I argued that China has chosen to engage with the world and therefore must play this diplomatic game. China has economic power and this is why it won the Olympics in spite of concerns about human rights. The rest of world (whilst not whiter than white) can choose to express its disapproval of human rights abuses through a boycott. In diplomatic relations far removed from the possibility of military force, sport forms one of many diplomatic levers.

In general, she feels 'The World' is always against China: In unfair trade agreements, in visa restrictions, in western investments in China that are exploitative. She does not see Chinese economic strength as a benefit arising from engaging with the world economy.
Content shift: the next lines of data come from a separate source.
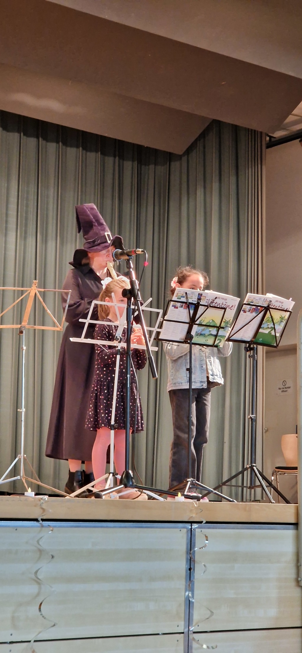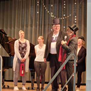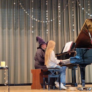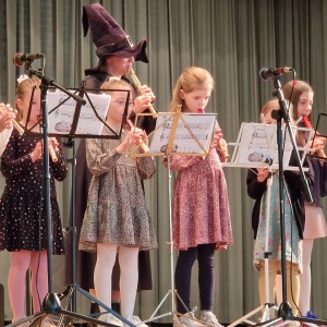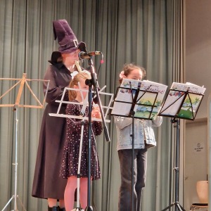 Schon beim Betreten des Saals wurde klar: Dieser Nachmittag würde besonders werden. Die Bühne war liebevoll mit magischen Requisiten dekoriert, wobei ein riesiger Zylinder als markanter Blickfang hervorstach. Auch die Vorsitzende der Musikschule, Manuela Flurer-Wiedmann, griff das Thema optisch auf: Mit Zylinder und Charme führte sie als Moderatorin durch das abwechslungsreiche Programm. Unterstützt wurde die mystische Atmosphäre durch die Musiklehrkräfte, die passend zum Motto unter anderem als Hexe verkleidet erschienen.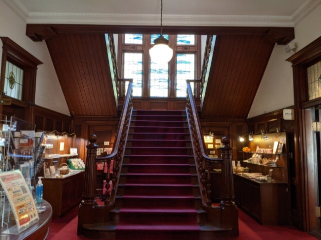 戦後はアメリカ軍に接収され、その後は商工会議所、家庭裁判所を経たのち、愛媛県立郷土芸術館としてオープン。愛媛県立美術館分館と名称変更した後、国の重要文化財に指定されました。一般開放されており、予約不要で誰でも見学することができます。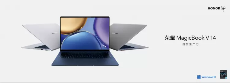 荣耀MagicBook V 14,带来诸多业内领先技术:首款在PC产品上搭载500W高清广角双摄,仅用三年时间,打破PC行业15年不变的摄像头100W时代,带来非凡的商务音视频会议体验;10.7亿色触控全面屏,结合十点触控、Win11,带来更高的办公效率和视觉享受;最新升级的“多屏协同”新增了PC和平板间的跨系统协同,让PC具备了与手机、平板、智慧屏信息无缝互联的能力,成为荣耀终端家族继手机之后,又一款枢纽级互联设备。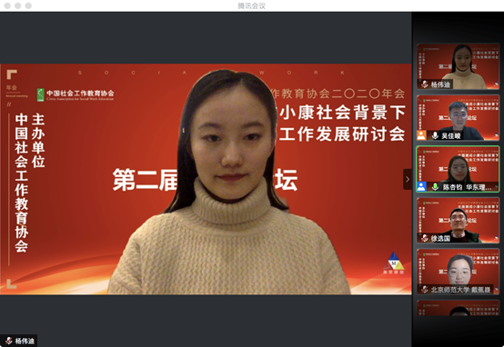 2020年12月28日,由中国社会工作教育协会主办、华东理工大学承办的“中国社会工作教育协会2020年年会第二届研究生论坛”,通过线上会议的形式隆重召开。中国社会工作教育协会副会长向德平教授、华东理工大学社会与公共管理学院徐选国副教授、集美大学法学院副院长姚进钟副教授、甘肃政法大学公共管理学院副院长任文启教授等专家学者出席论坛。

She does not see that China is fairly good at fighting for itself on the world stage, and uses its economic muscle to cause others to turn a blind eye to the human rights record. She does not see that China owns a huge chunk of American debt by choice.

One example that highlights to me the intransigence of our different perspectives was the story of the 20-30 Cockle pickers who died last year in Morecoombe bay. From my point of view, the story is a tragedy in which illegal Chinese immigrants died whilst being exploited by a gang - the public outrage this led to a new bill covering gangworkers. To her, it was an example of British emergency services leaving people to die simply because they were Chinese. Clearly the reporting of this story that we had heard was very different.

At this point I said I couldn't proceed with the argument without having more facts to hand about the night in question: How far progressed was the situation when the emergency services were called? What information did they receive? What resources were available to them? From this information I could form a judgement about if the emergency services had acted appropriately.

Now whilst I accept that there is no such thing as absolute objectivity and the BBC news reporting is not perfect, this would often be my first reference in a question about a news story. In this discussion it could not be considered to be objective. A few Google searches from different (English language) news sources (and Wikipedia) brought no answer to my questions above and no mention of the allegation. I still await a news source to be shown to me which contains the allegation she made. With Google translate I might even have a bash a reading some Chinese ones.

Suddenly you find there are no starting points from which to begin a debate, no common ground to agree on. What I thought was my balanced, open, free thinking mind is viewed by another as dogmatic. If you question your own views with an open mind, you may admit that you are falling back on a perceived truth. And it is revealing. Somewhere we all put our faith in something.